I woke up to the sound of rain and wind which made me immediately think of my new rain jacket that I had bought just a few days before. We ended up leaving Lethbridge at 7:00 a.m. and after stops in Standoff (~65 km into the trip), Cardston (~95 km in) and a number of shorter breaks along the way, we made it to Waterton at about 6:00 p.m. Over the 11 hours, we had been riding the bikes for 7.5.

I had 3 flat tires, and a fourth tire blew while Kelly and I were pumping it up. So I went through 4 tires yesterday. I can't believe my luck.
However, one highlight of our trip was the food. Thanks to our driver for the weekend, Anne Baxter, we had a fantastic meals at our campsite. We truly were spoiled.
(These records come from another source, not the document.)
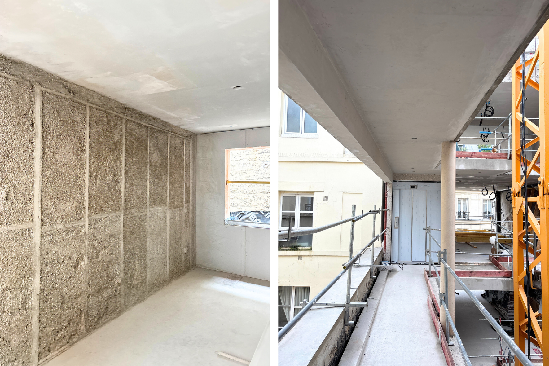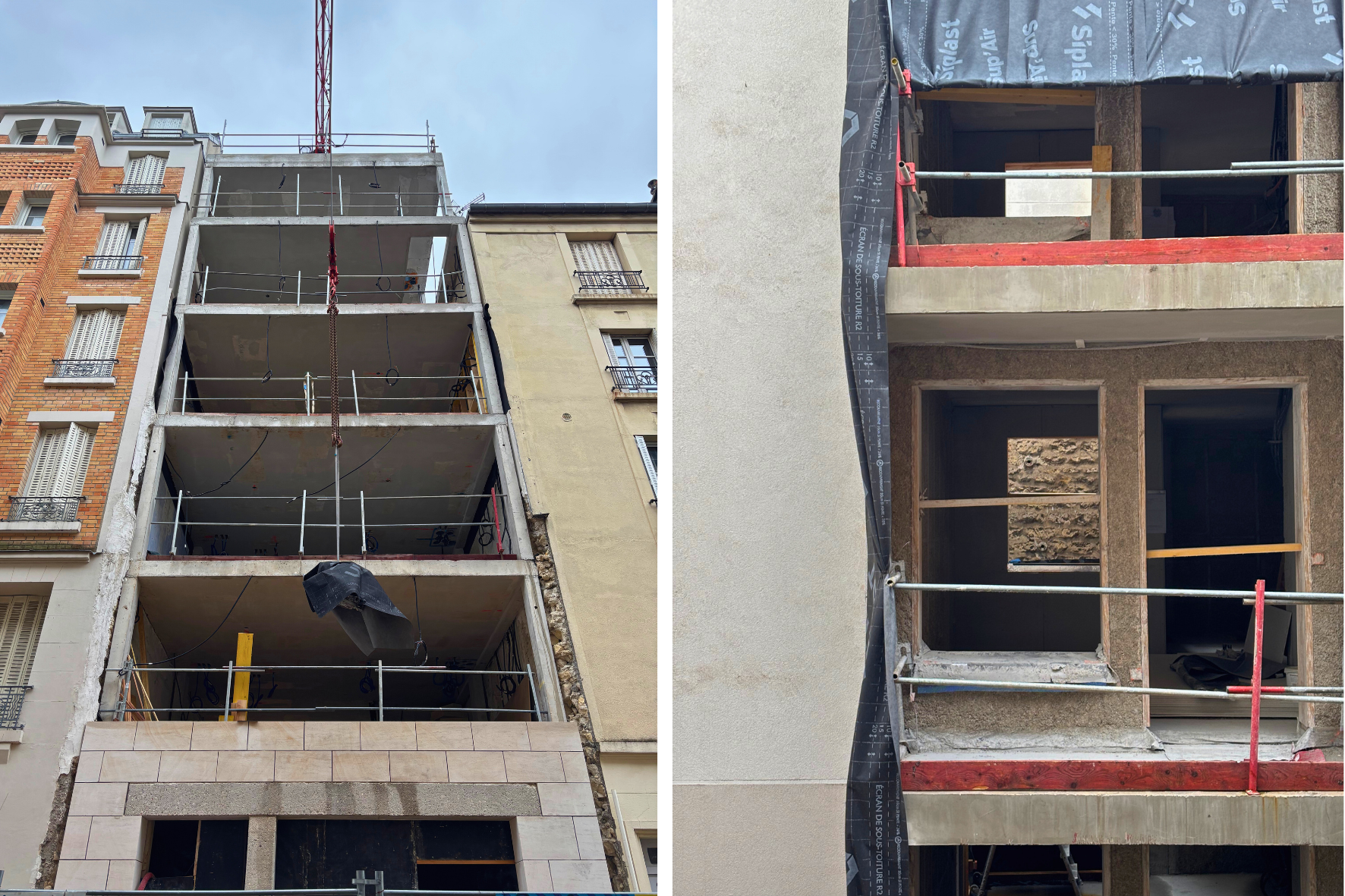 Le projet se situe à l'emplacement d'un bâtiment en R+2 en très mauvais état sur une parcelle très étroite. L'agence Dalin & Bourgoin architectes accompagnée par AXOE et E2, proposent à la RIVP la construction d'un immeuble en R+5 ; composé de sept logements sociaux (3 T2, 1 T3 en duplex, 3 T1) et d'un commerce. La structure est un poteau-dalle béton et les façades sont des FOB béton de chanvre ; mur en pierre en RDC. Il s'agit de l'un des premiers chantiers à sortir après les nouvelles règles professionnelles du chanvre. Dans ce contexte, pour accompagner la RIVP, LM Ingénieur a un rôle d'AMO pour la réalisation d'essais complémentaires comme l'essai AEV. LM Ingénieur a également été choisi par l'entreprise générale, BRB, pour les études d'éxécution de l'enveloppe chanvre.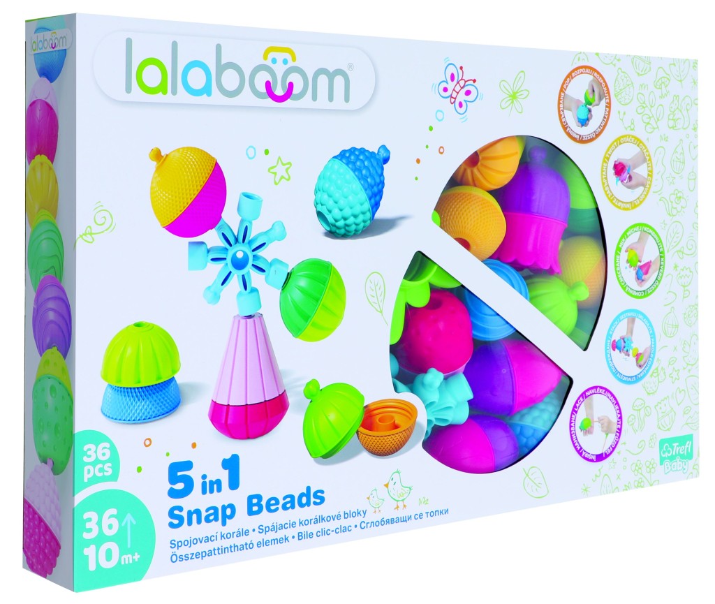 Korálkové bloky se dají navzájem spojovat tak, že se zacvakne jeden blok do druhého. Spojovací korálkové bloky lze rozkládat a skládat. Lze je libovolně kombinovat, a tak vytvářet různorodé barevné konstrukce. Jediným ohraničením je vlastní představivost! Vhodné pro děti 10–36 měsíců. Sada obsahuje: 30 dílů určených pro skládání, 2 okvětní lístky, 2 spojky, 2 provázky pro navlékání.
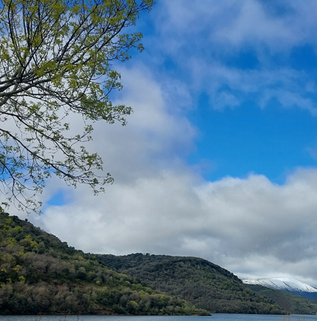 Je repars sur une belle petite route qui monte avant d’arriver à un lac (à Mansilla de la Sierra) que je dois contourner sur une route mal goudronnée. Les bas cotés sont remplis de neige, je passe à coté d’une station de ski, il fait de plus en plus froid, mais suivront quelques heures très agréables, faciles à pédaler dans un paysage de montagne beau et calme avant de redescendre au premier contrôle.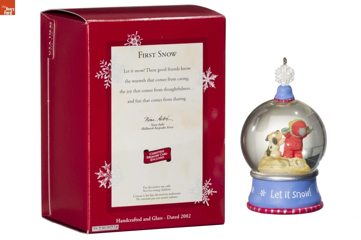 FIRST SNOW / Let it snow! These good friends know / the warmth that comes from caring, / the joy that comes from thoughtfulness ... / and fun that comes from sharing. / Nina Aube / Hallmark Keepsake Artist / CHRISTMAS / MEMORY CARD / ENCLOSED / For decorative use only. / Not for young children. / Concue a des fins decoratives seulement. / Ne convient pas aux jeanes enfants. / Handcrafted and Glass - Dated 2002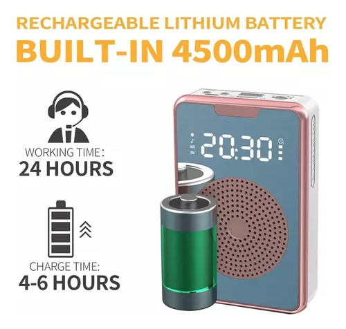 recarregável Este amplificador tem uma bateria de lítio embutida de 4500mAh, leva de 4 a 6 horas para carregar totalmente o alto-falante do microfone, mas pode reproduzir até 20 horas de amplificação ou mais até 13 horas de reprodução de música. Fonte de alimentação de luz. Amplificador Este conjunto de microfone e alto-falante é um sistema de endereço público portátil. Você pode levá-lo para vários lugares, como salas de aula, telefones de bingo e ao ar livre.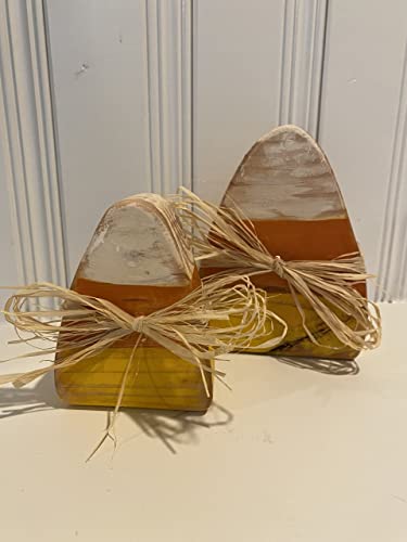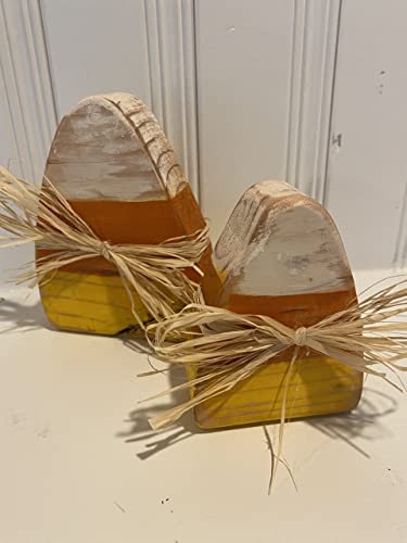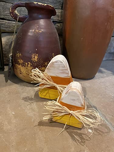 This set of 2 Wood candy corn will add a cute rustic Fall decor touch to any home. And is great for decorating throughout the Halloween, Fall, and Thanksgiving Holidays. It’s handmade and every one can be unique as every piece of wood is different with its own flaws. We Hand paint every candy corn so every candy corn would possibly look somewhat different as well. (Paint Color would possibly somewhat vary from picture.) They do have a rustic worn out look with a piece of raffia tied and hot glued on every one.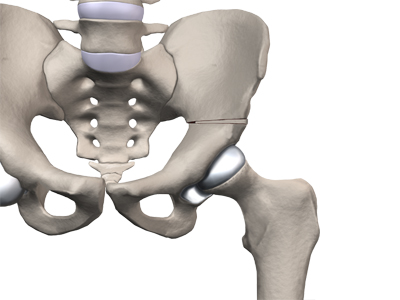 The hip joint is where the thighbone (femur) connects to the pelvis. The joint is made up of two parts. The upper end of the femur is shaped like a ball. It is called the femoral head. The femoral head fits into a socket in the pelvis called the acetabulum. This ball and socket joint is what allows us to move our leg in many directions in relation to our body.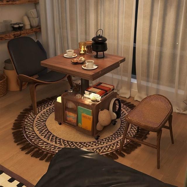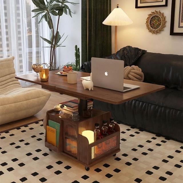實木時代升降茶幾移動推車茶桌折疊餐桌兩用茶臺多功能客廳沙發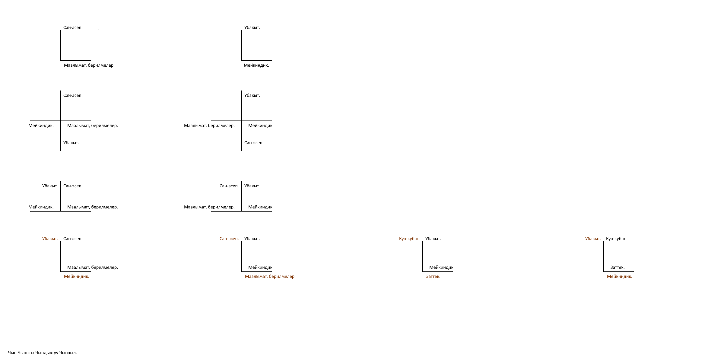 Мурунку жана мурдагы ойлорумду, кабарларымды, жазууларымды бул желе-барактык жыйынымды калыбына келтиргенде кайра коём жана жайгаштырам. Чын чыныгы чындыктуу чынчыл, түзүүчү же жөн эле түзгүч. Жаратылыш жашагысы келет, табият болгусу келет. Адам жана киши өскүсү жана чоңойгусу же жашаргысы келет. Келесоо болгондон кески-кылмышкер болгон жаман, коркок болгондон качкын болуп жүргөн жаман, билимсиз болгондон ыймансыз жана абийирсиз болгон жаман, чала аксак болгондон чыккынчы болгон жаман. Калпка, алдоого, жалганга ишенип жок болгончо, чындыкка тике жана бетке карап турган жана болгон жакшы. Айбан жана жаныбар болуп адилеттикти, акыйкаттыкты, азаттыкты, абийирдүүлүктү, адептүүлүктү туткан жакшы, адаммын жана кишимин деп акмактыкты, абийирсиздикти, акылсыздыкты кылганча. Айбан болсом, ишенип күтөмүн, адам болсом, умтулуп жана аракет кылып, келемин же барып жетемин. Үмүтүм болсо беремин, мага үмүт берсеңиз, келип сиз менен болуп сактаймын. Жакын болсом да, алыс болсом да байкооңузду билгим келет. Бир бүтүн бекем болгон баалуу, баамдуу, барктуу, беделдүү, буулугуп, бозоруп, бытырап, бөлүнүп, бүлүнүп, бузулганча. Бир бүтүн бекемдикке, бардык бүткүлдүккө, байлыкка, бийликке билим багыттайт, байгеге бурат, белек(терди) берет. Билимдүү баатырга бакыт буйрулат. Билимдүүлүктө (билимде) бакыт болот. Билимдүү бүт баарын баштап, болуп, бүтүрөт. Билим - байлыктын, бийликтин, башкаруучулуктун, буйруучулуктун булагы, бутагы. Жакшы жаманды жеңет, накта-нукура, накыл(дуулук) начарды утат. Мен жакшымын деп мактанганча, жакындарга же башкаларга жана калгандарга жакшыны каалоо (туура,) ылайык жана ырас. Жөнөкөй жана жеңил жооп: Жек көрсөңүз, жазылыңыз, жоголгуңуз келсе, жадоону жана жүдөөнү желдетиңиз жана жоюңуз, жаңылганыңызды жабыңыз, жорук-жосун(ду) жыйыңыз жана жыйнаңыз, жайдарылыкты жайыңыз, жакшы көрсөңүз, жолугушалы жана жакын же жаныма жатыңыз, жактырганды жактайм, жылуулукту жана жумшактыкты жаркындыктай жана жыпарлыктай жандап жүрөм, жыргал жашоого жетишем - бирок мен антип айтпайм окшойт. Чың болсом, чыдайм, чыйрак болсом, чамдайм, чынчыл болсом, чакырам, чечен болсом, чымырканам, чебер болсом, чыгармада чагылдырам, чоро болсом, бүт бийик чокуларга чыгам жана ашып өтөм, бүт баарынын борборуна жана чордонуна келем жана жетем, чоң жана чеги, чени, чети жок чынчдыкты чогултам. Түзүүчү же түзгүз болгон да жакшы, сүйүүчү же сүйгүч болгон да жакшы. Чын, чыныгы, чындыктуу, чынчыл. Бул кабар 18, он сегизден ашкандарга: Түзүшүү да жакшы, сүйүшүү да жакшы. Сүйүшүү - бул сүйлөшүү, кабар алышуу, маектешүү, аңгемелешүү, баарлашуу-баардашуу, багышуу, карашуу, кам көрүшүү, ыракаттануу-ыракаттанышуу, бактылууланышуу, берилүү, бөлүшүү, биргелешүү, болушуу, билишүү, сезишүү, сакташуу, коргошуу, куткарышуу. Кошумча сиңишүү менен сергишүү жана сыйышуу менен сыйлашуу же сырдашуу жана самашуу менен сылашуу жана сыймыктанышуу деген да сөздөр бар экен, мен аларды жыйырманчы, 20, XX-кылымда жана экинчи, 2, II-миң жылдыкта эле билгем. Чын, чыныгы, чындыктуу, чынчыл же туура, так, түз, тик, төп түзгүч ([талапка тең тете татыктуу] төбөлүк, түптүк, түйүндүк, тектик, тегиз, тынч, толук туруктуу такай түбөлүк). 23:36:36.259299 6.10.2022 бейшемби GMT + 6 (BSK). Жаратуучу (алл*х жана ку*ай) берет жана алат, аял жана айым алат жана берет, эркек алат жана өзүнө калтырат. 11:36:40.463800 1.11.2022 шейшемби GMT + 6 (BSK) (Мурунку жа
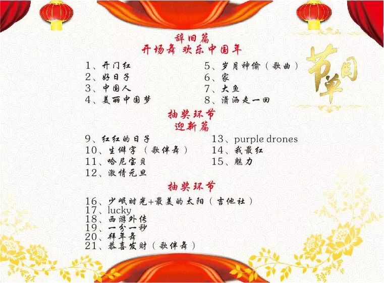 晚会在欢快的开场歌舞《开门红》中拉开帷幕,《岁月神偷》《生僻字》《少岷时光+最美的太阳》《恭喜发财》等歌曲唱出了少岷职校师生朝气蓬勃、积极向上的风貌;《好日子》《中国人》《美丽中国梦》《红红的日子》《激情元旦》《拜年舞》等歌舞展示了少岷职校师生顽强拼搏、坚韧不拔的优秀品质。整场晚会异彩纷呈、惊喜不断,引起师生欢呼不断。
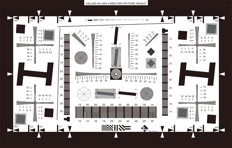 解析度卡(分辨率卡)是标准样张,可以提供实际拍摄的垂直分辨率和水平分辨率等辅助测试。 分辨率测试采用了国际标准的ISO12233解析度分辨率卡进行测试,采取统一拍摄角度和拍摄环境, 而分辩率的计算又使用了HYRes软件,分开垂直分辨率和水平分辨率两部分进行。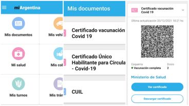 Por empezar, hay tres formas de obtener el certificado de vacunación, a través de la página web oficial Mi Argentina, a través de página oficial del gobierno provincial en la pestaña Pase sanitario (que redirecciona a Mi Argentina) o a través de la aplicación Mi Argentina en el celular.

My knee was a concern for me, although I did learn that only two days of rest improved its condition considerably. I didn't start feeling pain until about 80 km into the trip and I really had to play it safe over the remaining 70 km.

I plan on taking 4-5 days off this week for my leg, along with visiting a massage therapist, and a physician. I don't want any trouble on the real trip.

Sunday, June 1, 2008

Training Continues: Half-Marathon

After dozens and dozens (and dozens more) of hours on the bike, I finished my first ever half-marathon today. I did the 13 mile run with Vanessa and boy did I ever feel it afterwards. My IT (iliotibial) band was killing me. I could barely walk. My cardio conditioning was fine, thanks mainly to biking regularly over the last few months.

The half-marathon took about 2:32 to complete, which a few months ago may have looked like quite the task, but going out for a 2+ hour cardio workout takes little persuasion now.

With just over 2.5 weeks before we leave for Victoria, we'll be biking at least twice every three days. Ideally, I'd like to be biking everyday, but we'll see. The training is just one of many ducks that we have to get in a row before we depart.